## GIVEN MATERIAL
----

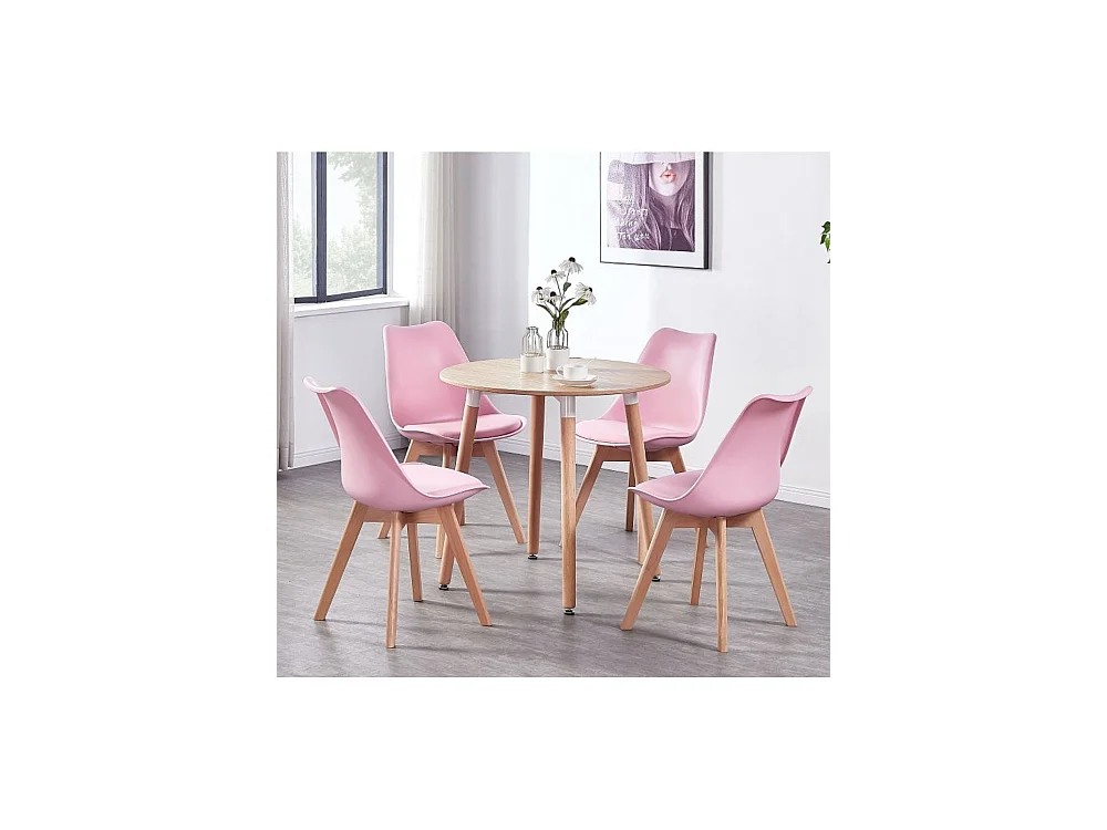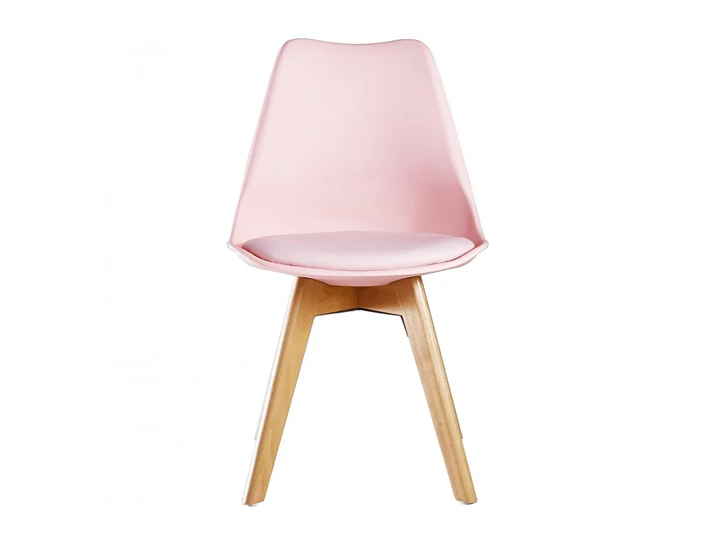 Chaise Tula style nordique - Assise en simili cuir et pieds en bois clair-Couleur Rose clair
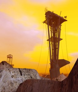 My imaginary story was inspired by the movie Mad Max: Beyond Thunderdome, and seasoned with a heavy dose of time spent exploring a fascinating place in Second Life known as The Wastelands.  It’s an area comprising multiple post-apocalyptic sims with names like The Junkyard, Fort Stygian, Bloodmoss Swamp, and The Great Fissure — all of which feature awesome landscape, buildings, and objects (not to mention avatars) that would look completely at home in any Mad Max movie, not to mention any other post-holocaust / apocalypse story setting.
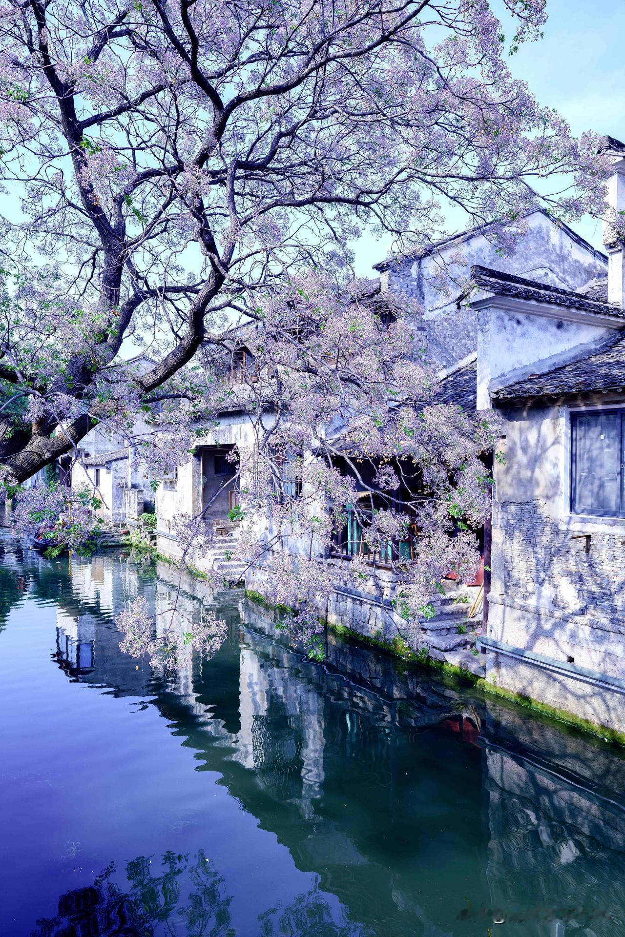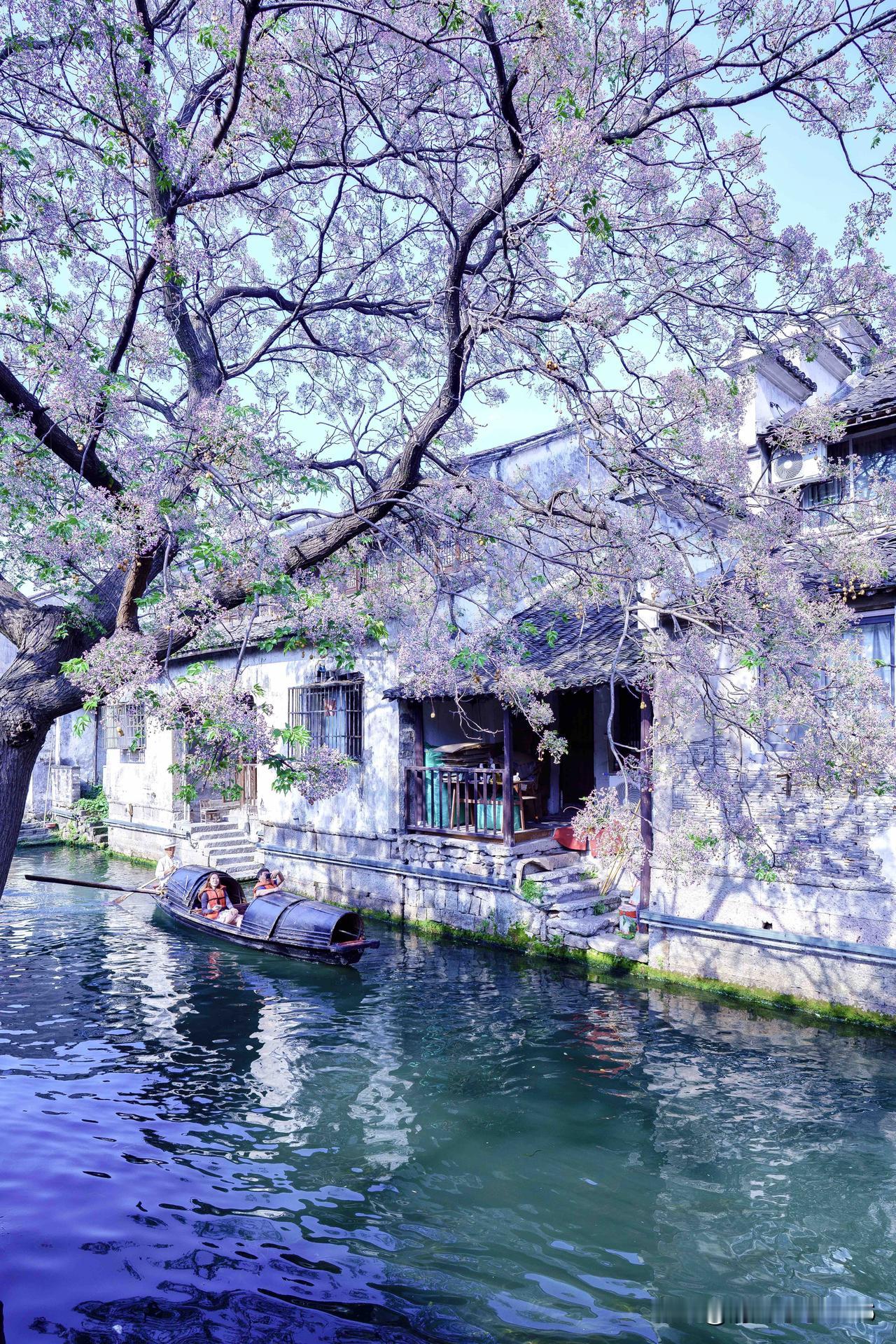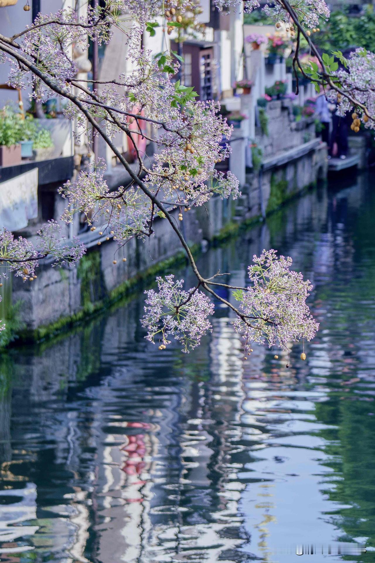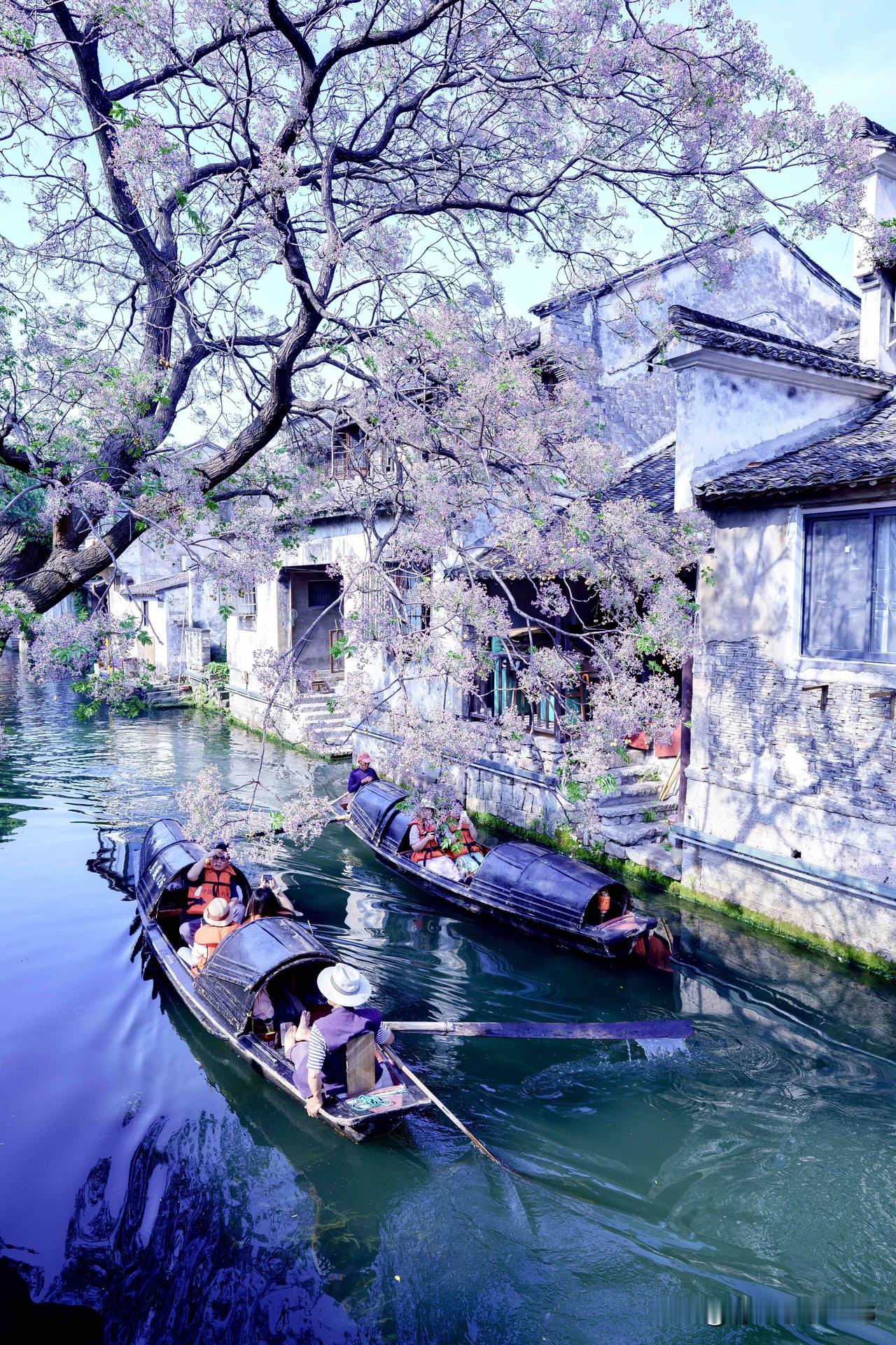 枝桠横斜巷陌,细碎柔紫的花簇静静垂落。清风拂过,花枝轻晃,花影漫过青石板,融进潺潺流水。乌篷船缓缓摇荡,橹声悠悠,水波温柔荡漾。那一对悠游的白鹅,自在追船而行,临水休憩,悠然自得,为安静的江南街巷,添了灵动鲜活的气息。

----

## TASK BRIEF
Lines from the one that contains "My imaginary story" to the final line of the material are the whole answer. Reproduce them word for word and skip the pictures.

## SOLUTION TO THIS TASK
 My imaginary story was inspired by the movie Mad Max: Beyond Thunderdome, and seasoned with a heavy dose of time spent exploring a fascinating place in Second Life known as The Wastelands.  It’s an area comprising multiple post-apocalyptic sims with names like The Junkyard, Fort Stygian, Bloodmoss Swamp, and The Great Fissure — all of which feature awesome landscape, buildings, and objects (not to mention avatars) that would look completely at home in any Mad Max movie, not to mention any other post-holocaust / apocalypse story setting.
 枝桠横斜巷陌,细碎柔紫的花簇静静垂落。清风拂过,花枝轻晃,花影漫过青石板,融进潺潺流水。乌篷船缓缓摇荡,橹声悠悠,水波温柔荡漾。那一对悠游的白鹅,自在追船而行,临水休憩,悠然自得,为安静的江南街巷,添了灵动鲜活的气息。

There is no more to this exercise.